PatchComplete: Learning Multi-Resolution Patch Priors for 3D Shape
Completion on Unseen Categories
- URL: http://arxiv.org/abs/2206.04916v1
- Date: Fri, 10 Jun 2022 07:34:10 GMT
- Title: PatchComplete: Learning Multi-Resolution Patch Priors for 3D Shape
Completion on Unseen Categories
- Authors: Yuchen Rao, Yinyu Nie, Angela Dai
- Abstract summary: We propose PatchComplete, which learns effective shape priors based on multi-resolution local patches.
Such patch-based priors avoid overfitting to specific train categories and enable reconstruction on entirely unseen categories at test time.
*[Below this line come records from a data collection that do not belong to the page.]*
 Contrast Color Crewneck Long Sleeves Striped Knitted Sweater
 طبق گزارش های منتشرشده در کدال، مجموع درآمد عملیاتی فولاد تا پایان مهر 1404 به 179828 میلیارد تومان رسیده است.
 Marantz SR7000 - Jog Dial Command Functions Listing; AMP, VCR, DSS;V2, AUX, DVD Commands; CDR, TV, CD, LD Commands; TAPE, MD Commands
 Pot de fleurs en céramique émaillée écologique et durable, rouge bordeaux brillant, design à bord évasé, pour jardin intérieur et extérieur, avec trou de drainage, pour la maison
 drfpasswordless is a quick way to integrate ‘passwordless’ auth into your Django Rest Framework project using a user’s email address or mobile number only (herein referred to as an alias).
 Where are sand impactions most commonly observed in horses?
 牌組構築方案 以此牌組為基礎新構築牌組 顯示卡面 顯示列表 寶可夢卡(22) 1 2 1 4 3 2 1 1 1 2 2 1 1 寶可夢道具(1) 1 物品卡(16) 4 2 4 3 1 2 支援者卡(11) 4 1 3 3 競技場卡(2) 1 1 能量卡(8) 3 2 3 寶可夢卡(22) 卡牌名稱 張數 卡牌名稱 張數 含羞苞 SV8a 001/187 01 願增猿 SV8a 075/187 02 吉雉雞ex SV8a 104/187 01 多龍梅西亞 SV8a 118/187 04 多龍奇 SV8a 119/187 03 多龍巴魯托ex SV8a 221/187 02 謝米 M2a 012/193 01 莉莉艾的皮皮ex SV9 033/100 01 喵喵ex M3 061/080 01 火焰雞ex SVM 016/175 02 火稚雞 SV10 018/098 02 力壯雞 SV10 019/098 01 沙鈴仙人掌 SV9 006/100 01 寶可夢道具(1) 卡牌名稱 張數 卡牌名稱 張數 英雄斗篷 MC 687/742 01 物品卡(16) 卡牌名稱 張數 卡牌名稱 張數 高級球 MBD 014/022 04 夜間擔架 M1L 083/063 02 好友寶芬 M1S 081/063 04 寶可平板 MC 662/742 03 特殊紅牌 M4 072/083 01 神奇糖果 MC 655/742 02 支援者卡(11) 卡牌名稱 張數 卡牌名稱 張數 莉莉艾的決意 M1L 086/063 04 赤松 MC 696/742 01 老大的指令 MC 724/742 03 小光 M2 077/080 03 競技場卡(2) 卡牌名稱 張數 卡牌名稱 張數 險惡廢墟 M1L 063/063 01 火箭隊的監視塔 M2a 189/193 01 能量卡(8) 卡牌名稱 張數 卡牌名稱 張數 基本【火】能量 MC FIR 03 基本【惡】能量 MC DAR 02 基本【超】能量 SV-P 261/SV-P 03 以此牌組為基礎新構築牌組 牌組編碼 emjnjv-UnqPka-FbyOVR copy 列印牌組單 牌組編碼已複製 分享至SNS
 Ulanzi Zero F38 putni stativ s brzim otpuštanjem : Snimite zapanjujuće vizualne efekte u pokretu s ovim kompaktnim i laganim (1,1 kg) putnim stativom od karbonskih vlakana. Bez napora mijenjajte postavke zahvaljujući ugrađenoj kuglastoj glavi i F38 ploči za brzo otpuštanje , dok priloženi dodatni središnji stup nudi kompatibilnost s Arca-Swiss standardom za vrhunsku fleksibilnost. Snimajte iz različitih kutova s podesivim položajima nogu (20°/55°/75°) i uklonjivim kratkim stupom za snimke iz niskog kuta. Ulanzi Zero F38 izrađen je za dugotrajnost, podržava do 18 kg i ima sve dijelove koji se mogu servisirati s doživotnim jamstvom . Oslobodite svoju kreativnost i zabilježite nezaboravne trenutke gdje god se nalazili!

We demonstrate the effectiveness of our approach on synthetic ShapeNet data as well as challenging real-scanned objects from ScanNet.
- Score: 24.724113526984
- License: http://arxiv.org/licenses/nonexclusive-distrib/1.0/
- Abstract: While 3D shape representations enable powerful reasoning in many visual and
perception applications, learning 3D shape priors tends to be constrained to
the specific categories trained on, leading to an inefficient learning process,
particularly for general applications with unseen categories. Thus, we propose
PatchComplete, which learns effective shape priors based on multi-resolution
local patches, which are often more general than full shapes (e.g., chairs and
tables often both share legs) and thus enable geometric reasoning about unseen
class categories. To learn these shared substructures, we learn
multi-resolution patch priors across all train categories, which are then
associated to input partial shape observations by attention across the patch
priors, and finally decoded into a complete shape reconstruction. Such
patch-based priors avoid overfitting to specific train categories and enable
reconstruction on entirely unseen categories at test time. We demonstrate the
effectiveness of our approach on synthetic ShapeNet data as well as challenging
real-scanned objects from ScanNet, which include noise and clutter, improving
over state of the art in novel-category shape completion by 19.3% in chamfer
distance on ShapeNet, and 9.0% for ScanNet.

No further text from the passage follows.